→ **Given information**
■ ■ ■

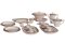 12 piatti piani, 36 piatti fondi , 1 piatto tondo da portata, 6 vassoi ovali,10 tazzine da caffè con piattini, 12 tazze da tè con piattini, 1 teiera, 1 caffettiera, 2 piccole lattiere, 1 legumiera, 1 zuppiera, 1 zuccheriera, 1 lattiera
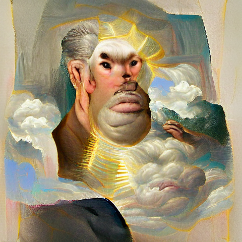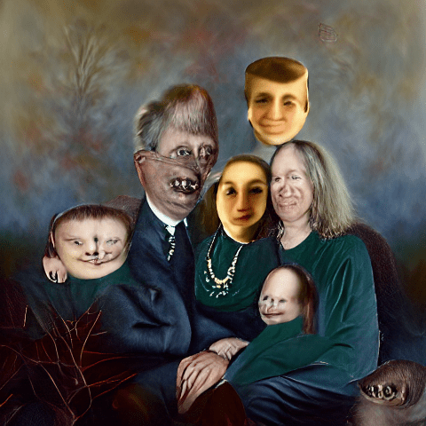Les algorithmes ne sont jamais neutres et on peut noter des biais dans les résultats. Une manifestation fréquente et flagrante est que lorsqu’il y a une figure humaine elle a par défaut presque toujours la peau blanche. Ce biais raciste est fréquent malheureusement. Ou encore, exemple ci-dessus, j’avais donné comme sujet à l’IA “portrait of the patriarchy”, m’attendant à obtenir l’archétype du vieux patriarche, mais j’ai vu apparaître des figures plutôt “féminines” : cheveux longs, rouge à lèvre, teintes roses. Elles avaient aussi des badges et les cheveux teints en bleu ou en violet… Oh mon dieu ! Des féministes ! Bah oui, qui est-ce qui parle le plus du patriarcat : les féministes, donc l’IA a considéré dans un magnifique contre-sens que les féministes incarnaient le patriarcat.
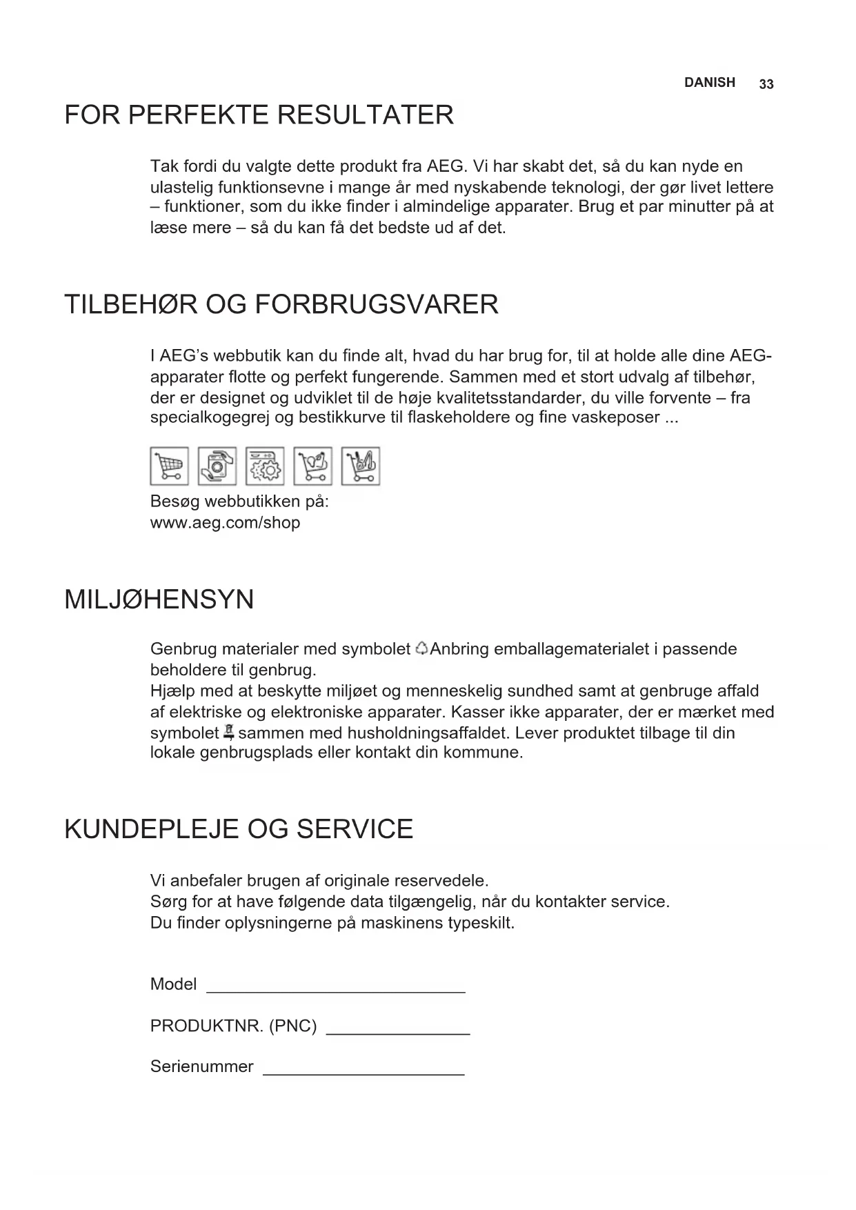 I AEG’s webbutik kan du nde alt, hvad du har brug for, til at holde alle dine AEG- apparater otte og perfekt fungerende. Sammen med et stort udvalg af tilbehør, der er designet og udviklet til de høje kvalitetsstandarder, du ville forvente – fra specialkogegrej og bestikkurve til askeholdere og ne vaskeposer ... Besøg webbutikken på: www.aeg.com/shop MILJØHENSYN Genbrug materialer med symbolet . Anbring emballagematerialet i passende beholdere til genbrug. Hjælp med at beskytte miljøet og menneskelig sundhed samt at genbruge affald af elektriske og elektroniske apparater. Kasser ikke apparater, der er mærket med symbolet , sammen med husholdningsaffaldet. Lever produktet tilbage til din lokale genbrugsplads eller kontakt din kommune.

■ ■ ■

→ **Work request**
Word for word, retype all of the data above, but include no pictures.

→ **Your response**
 12 piatti piani, 36 piatti fondi , 1 piatto tondo da portata, 6 vassoi ovali,10 tazzine da caffè con piattini, 12 tazze da tè con piattini, 1 teiera, 1 caffettiera, 2 piccole lattiere, 1 legumiera, 1 zuppiera, 1 zuccheriera, 1 lattiera
Les algorithmes ne sont jamais neutres et on peut noter des biais dans les résultats. Une manifestation fréquente et flagrante est que lorsqu’il y a une figure humaine elle a par défaut presque toujours la peau blanche. Ce biais raciste est fréquent malheureusement. Ou encore, exemple ci-dessus, j’avais donné comme sujet à l’IA “portrait of the patriarchy”, m’attendant à obtenir l’archétype du vieux patriarche, mais j’ai vu apparaître des figures plutôt “féminines” : cheveux longs, rouge à lèvre, teintes roses. Elles avaient aussi des badges et les cheveux teints en bleu ou en violet… Oh mon dieu ! Des féministes ! Bah oui, qui est-ce qui parle le plus du patriarcat : les féministes, donc l’IA a considéré dans un magnifique contre-sens que les féministes incarnaient le patriarcat.
 I AEG’s webbutik kan du nde alt, hvad du har brug for, til at holde alle dine AEG- apparater otte og perfekt fungerende. Sammen med et stort udvalg af tilbehør, der er designet og udviklet til de høje kvalitetsstandarder, du ville forvente – fra specialkogegrej og bestikkurve til askeholdere og ne vaskeposer ... Besøg webbutikken på: www.aeg.com/shop MILJØHENSYN Genbrug materialer med symbolet . Anbring emballagematerialet i passende beholdere til genbrug. Hjælp med at beskytte miljøet og menneskelig sundhed samt at genbruge affald af elektriske og elektroniske apparater. Kasser ikke apparater, der er mærket med symbolet , sammen med husholdningsaffaldet. Lever produktet tilbage til din lokale genbrugsplads eller kontakt din kommune.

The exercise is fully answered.